RBD Method Coconut Oil or Expeller Pressed
The vast majority of coconut oil produced in the world is expeller-pressed. During production, there is little concern about heat, how the coconut meat is dried, or many other aspects of coconut oil manufacture. The coconut meat is dried by a wide variety of methods, usually using the sun or smoke. Small farmers or producers usually using sun method. Once dried, the coconut meat is pressed in large expeller presses that generate heat and pressure. This yields a crude coconut oil that is brown and must be "cleaned”. In the end, the free fatty acids a breakdown product from the oil. Any remaining moisture, any bad flavor or smell, etc. is minimized by filtering, washing, and refining. Expeller pressed oil is typically the least expensive of all coconut oils. It is also called RBD coconut oil which stands for Refined, Bleached, and Deodorized, and is generally the same product as expeller pressed coconut oil.

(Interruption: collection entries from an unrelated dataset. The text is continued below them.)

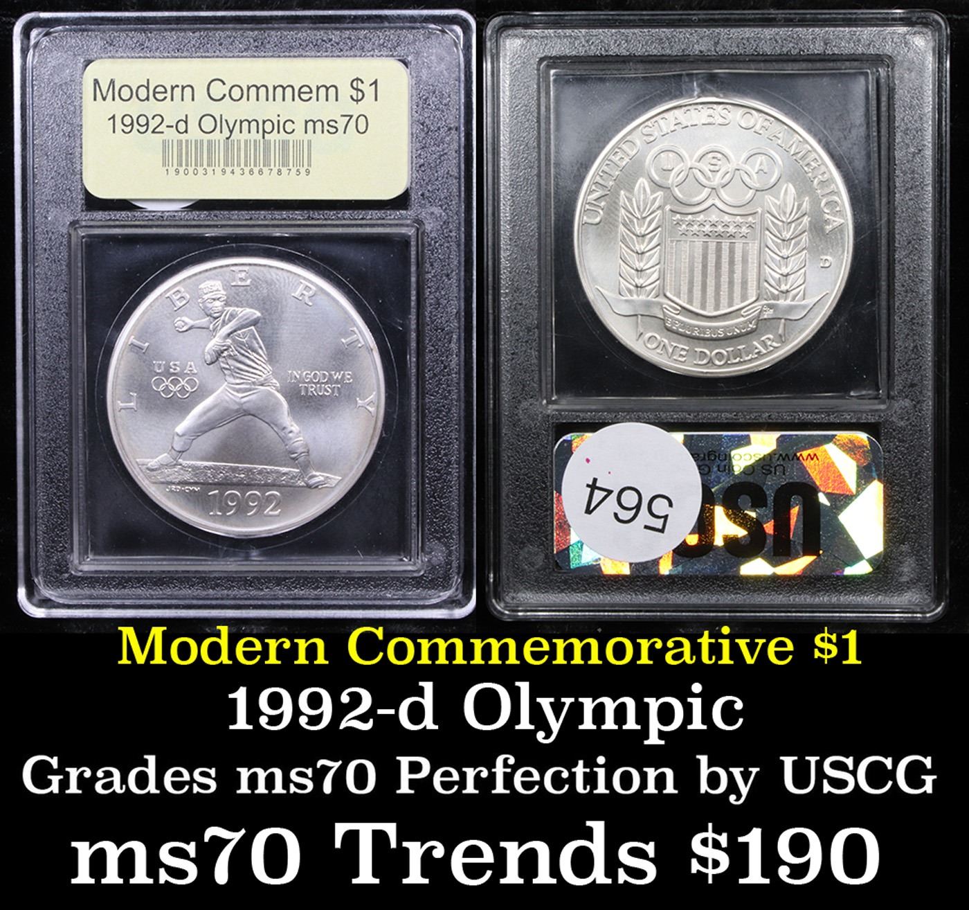 1992-d Olympics Modern Commem Dollar $1 Graded ms70, Perfection By USCG. The 1992 Olympic Silver Dollar was issued for the XXV Olympic Games. The 1992 Olympic Silver Dollar Commemorative coin features a baseball player throwing a pitch. Although it is very similar to an image of Nolan Ryan which appeared on a Fleer baseball card. The designer of the coin John R. Deecken denied that there was any connection.This coin is graded ms70 by USCG.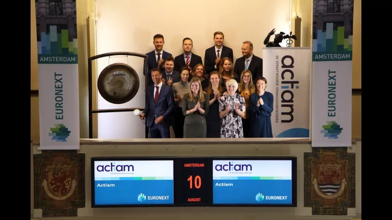 Vermogensbeheerder ACTIAM heeft haar jaarlijkse PRI-scores bekend gemaakt. In het onderzoek van de Principles for Responsible Investment (PRI) behaalt ACTIAM dit jaar de hoogst haalbare score op maar liefst 11 van de 14 onderdelen. Ten opzichte van 2016 verbeterde ACTIAM haar score op zeven onderdelen. Zij bezoeken de Amsterdamse beurs en brengen dit onder de aandacht met een slag op de gong.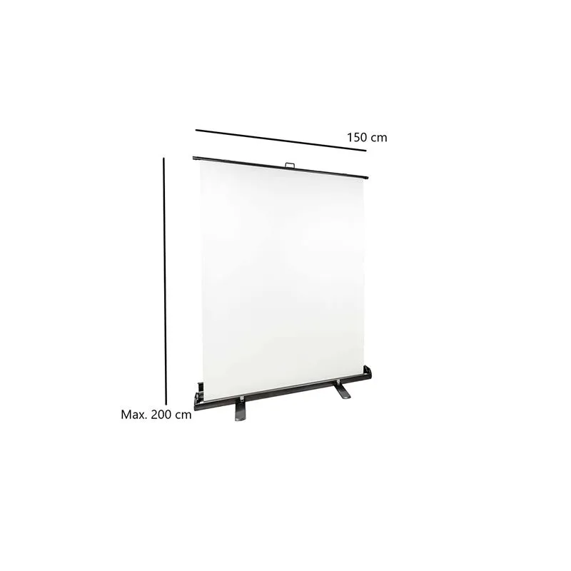 When you unfold the background screen completely, the height is 200 cm; the width is 150 cm. When you fold the whole, you can carry it with you like a suitcase using the handle. This roll-up background screen is also available in other colors (see optional accessories).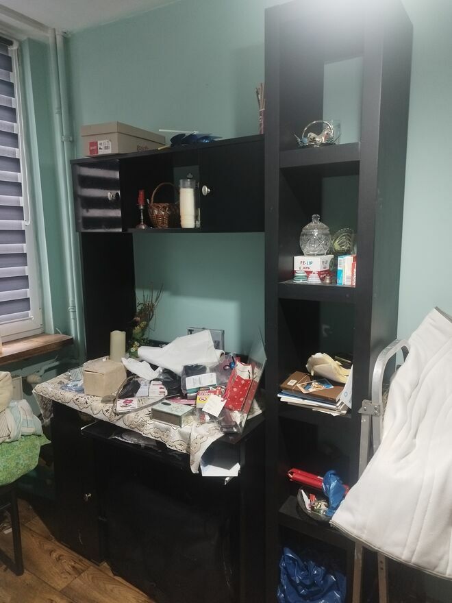 Do sprzedania biurko z nadstawką plus słupek i do tego są jeszcze dwa czarne krzesła i takie zwykłe starsze. Oczywiście bez zawartości tych rzeczy na wierzchu ale są do usunięcia.Odbiór Targówek dawne Bródno
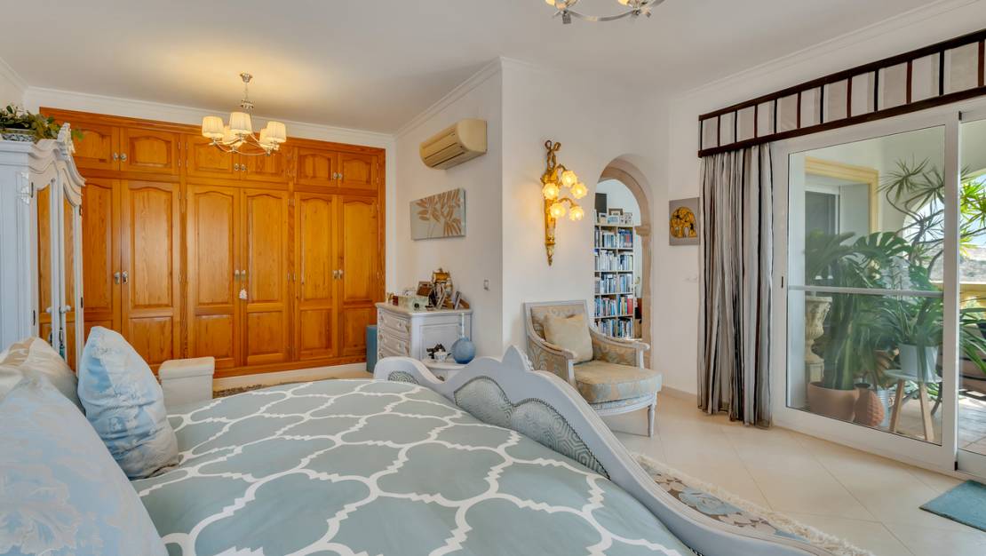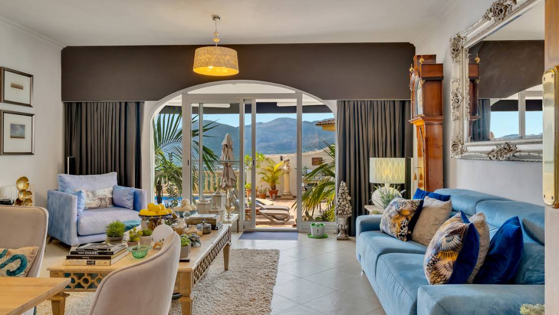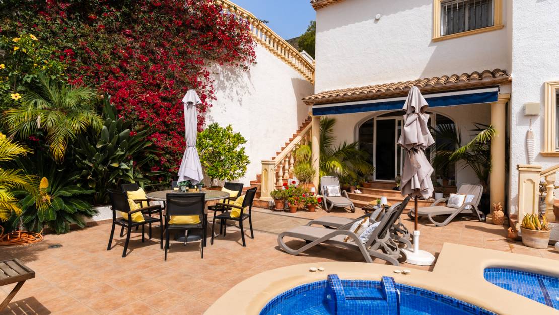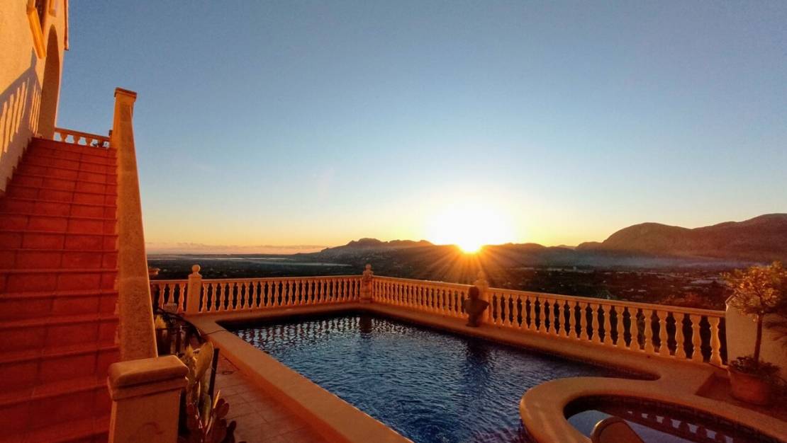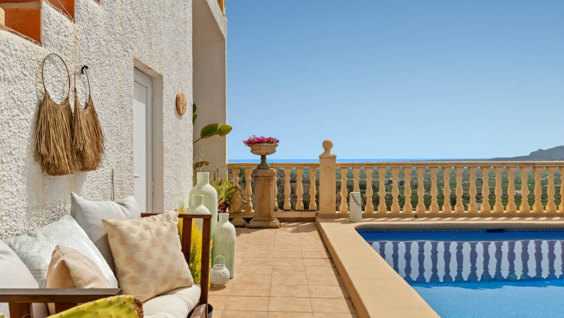 Nestled within the exclusive Mostalla urbanization, this stunning 2005-built villa located on a private ‘no through’ road boasts unparalleled views and a prime location between the charming town of Pego, the picturesque Santa Ana beach, and the Marjal Nature Reserve. Significantly upgraded by the current owners, this spacious and unique property offers exceptional living space, including a main two-level house and a separate apartment.The villa's top-floor accommodation, accessed at street level, features a welcoming hallway, two double bedrooms, a family shower bathroom, a modern and fully-equipped kitchen, and a spacious living/dining room with a log-burner and air-conditioning. This level opens up to a sea-facing covered terrace (naya) that overlooks the orange groves, mountains, and the Mediterranean.Downstairs, the owners' level comprises an exceptionally large master bedroom with a dressing area, air-conditioning, and a private terrace with sea views and direct pool access. Adjacent to the bedroom is a home office, a large bathroom with a shower and bath, a utility room, a fully-fitted kitchen, and a spacious living/dining room with superb outdoor access.A separate external staircase leads to the independent guest apartment, which boasts two large double bedrooms (one en-suite), two shower bathrooms, a large kitchen, and a living/dining area – all with uninterrupted sea views.The villa's outdoor spaces are truly exceptional, featuring a 11x5 meter heated swimming pool, a separate heated jacuzzi, a private pool shower room, and numerous seating and dining areas. The beautifully landscaped gardens, with their flowering plants, palm trees, water features, and private relaxation spots, create a wonderful sense of closeness to nature.This unique property is packed with high-end features, including numerous storage rooms, electric blinds, a wine cellar, a solar panel system (with a Huawei battery) that powers the electricity and heats the pool and jacuzzi, double-glazed windows, and a state-of-the-art security system. With powerful Wi-Fi and download speeds of 68Mbps, this villa truly offers the best of modern living in a stunning natural setting.Just a short 3-minute drive away, the charming town of Pego provides all the necessary amenities, while the beautiful Santa Ana beach and the Marjal Nature Reserve are just 10 and 5 minutes away, respectively. Perfectly situated for exploring the Northern Costa Blanca ( Denia, Javea, Gandia) this villa offers a rare combination of privacy, exclusivity, and easy access to the region's many delights.
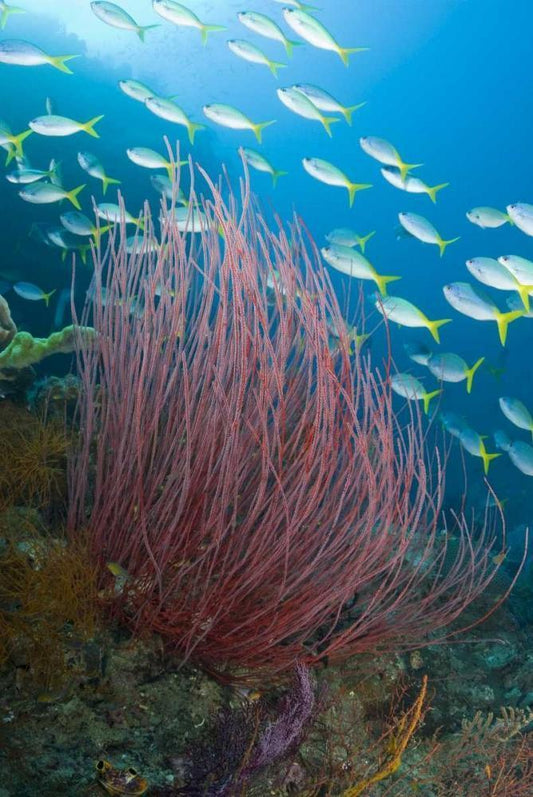 Indonesia Yellowtail fusilier and sea whip coral White Modern Wood Framed Art Print with Double Matting by Shimlock, Jones

This process mostly used in the far east region at homes to produce coconut oil and has been used India and Eastern Asia for thousands of years by households or small farming producers. This is considered to be one of the oldest process of producing virgin / pure coconut oil. This process involves making coconut milk from fresh meat of mature coconuts. This meat is then allowed to ferment for almost a day or two in containers. After fermentation the containers develop three layers of coconut oil, water, and coconut curd. Water drops down at the bottom and coconut oil forms the middle layer. Water is removed and then coconut oil is removed from curd. This method can vary significantly in quality and it yields the shortest shelf life of all types of coconut oil. This method is great but with certain limitations. This method produces coconut oil of different taste every time. This is because of the extent of fermentation which takes place. Second issue can be that acid of fermentation are sometimes left in the oil giving it even more peculiar taste. Thus different batches of even same brand may have different taste. That is it is mostly sold by the label “Home Made Coconut Oil”.